Low self-esteem can also lead to self-destructive habits, such as smoking or drinking as a way of coping. The first step in improving your self-esteem is to understand why you lack confidence.

How Early Life Experiences Can Affect Your Self- Esteem

Like many aspects of early childhood development, self-esteem results from the two interacting forces often referred to as “nature and nurture.” Everyone, including children, have weaknesses and strengths that will influence their self-esteem. However, in most cases, “nurture” or the interactions a child has with their family and social environment will have an even greater impact. The relationships and interactions a child has with their caregivers, peers, and teachers also significantly affect how children see themselves and how they cope with challenging situations. That’s not to say that the nature of a child’s temperament doesn’t come into play; it does. It’s just that nurturing can often override its impact.
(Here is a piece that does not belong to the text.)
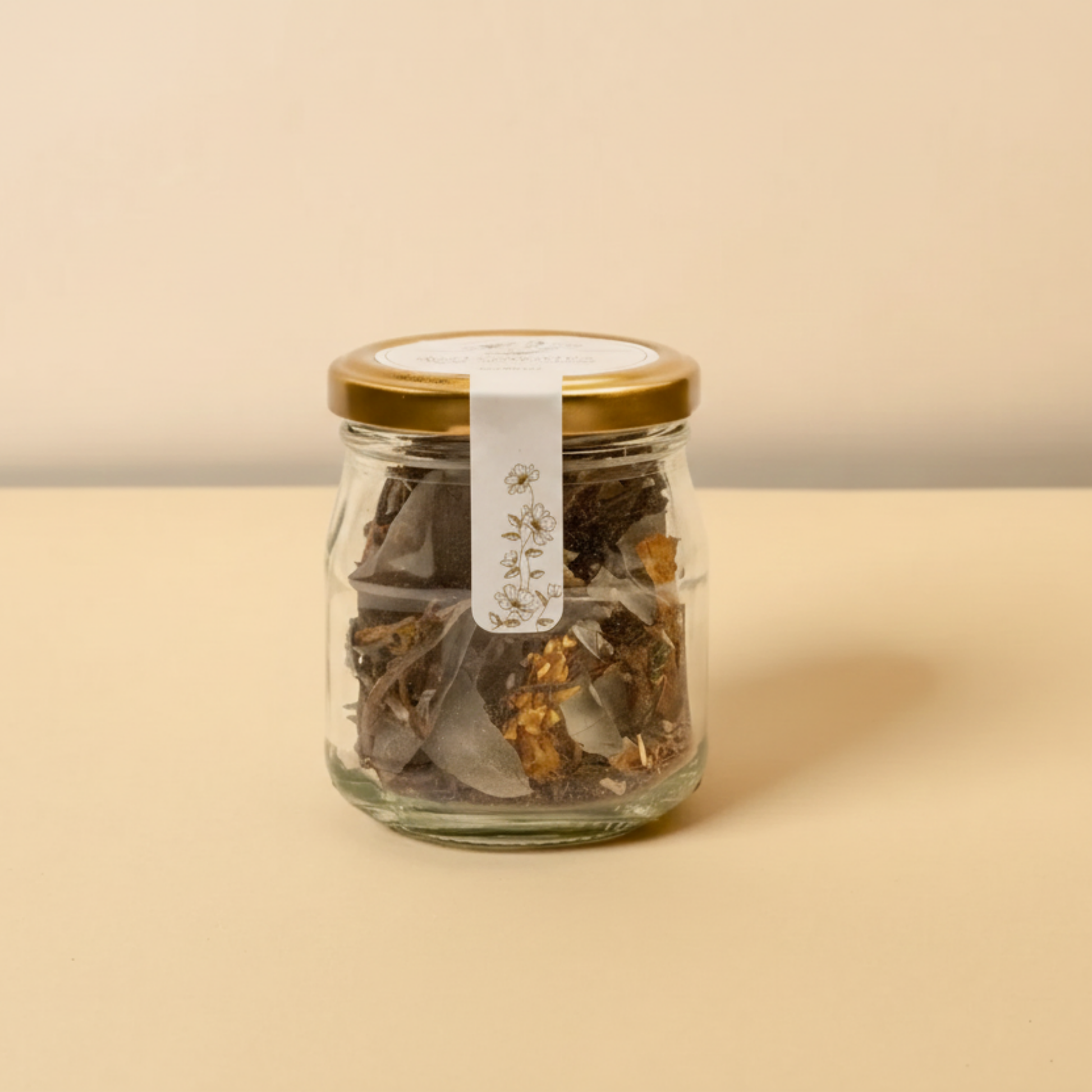 Descubre la magia ancestral de la purificación y el bienestar con nuestro exclusivo sahumerio de plantas dulces secas y palo santo. Este producto artesanal, cuidadosamente elaborado, viene en un elegante frasco de vidrio que preserva la frescura y las propiedades de sus ingredientes naturales.

Stressful and challenging to control experiences will also contribute to the level of confidence a child has. The development of your self-esteem is a social process, and how other people view themselves and how others treat you will heavily influence it.  This is where parents and caregivers have an essential role to play in their children’s lives. Parents and caregivers can exercise their influence over their children’s self-esteem by paying close attention to how they communicate, express love, encourage, challenge, support autonomy, and encourage socialization.

How You Can Increase Your Self- Esteem

Regardless of how your self-esteem got to where it is today, there are always ways in which you can improve. Here are 5 ways in which you can start to build a positive self-esteem.

Use Positive Affirmations

Positive affirmations like “I am successful and confident” tend not to work for those of us who do not already believe we are successful and confident. Treat positive affirmations the same way you would treat learning to ride a bike for the first time. The first set of declarations should come with training wheels. Start with affirmations that are a little less foreign to your brain, like “I will persevere until I succeed,” and then work your way up.

Identify Your Strengths and Develop Those Skills

Self-esteem can be rebuilt by discovering your strengths. This is something we often forget or minimize when we have low self-esteem. Spend some time trying to identify your values and the things that you’re passionate about. Start doing more of what you love and bring you joy. Do you love running? Maybe start training for a marathon. Does painting or drawing make you happy? Consider enrolling or teaching an art class. You may even be able to find opportunities or careers that highlight your skill and boost your confidence.

Learn How to Accepts Compliments

It is so easy to deny compliments when we feel bad about ourselves. That being said, one of the best things you can do to help improve your esteem is to recognize that someone is paying you a compliment because they found something about you that was worth complimenting! Accepting compliments may make you uncomfortable initially, but being able to do so graciously and gracefully rather than making the other person feel awkward for having said anything will do wonders for your self-esteem.

Here are a few things to remember when gracefully accepting a compliment.

1) Express your gratitude with a simple thank you.
2) Be sure not to undermine the compliment in any way with negative self-talk or deflection.
3) Consider returning their compliment in a way that doesn’t diminish it.
For example, If someone says that they like your outfit, you might respond by saying, “ Thank you! I was just admiring your outfit as well!”

Manage Your Self- Talk

Actively and quickly shut down negative self-talk and replace it with self-compassion. One trick you can use to make this easier is to imagine yourself as a child. Would you say the things you think about yourself to a child? Your inner child is trying to heal. It’s important to remember that repetitive, negative self-talk isn’t going to help them do so. Remember that your goal is to have higher self-esteem and that you need to continue to do things that align you with that goal, especially when habitual behaviors show up.

Take Care Of Yourself

This means taking care of yourself both physically and mentally. You need to remind yourself that you are worth showing up for. No one is going to do it but you. While this is undoubtedly easier said than done, you will need to take the time and set up a healthy routine that is right for you. This may include planning healthy meals, increasing physical movement, or meditation.  You’ll want to schedule downtime for yourself, as well as time to socialize and recharge.

At the end of the day, improving your self-esteem will require a bit of work, but you are worth it. You deserve to be happy and live confidently.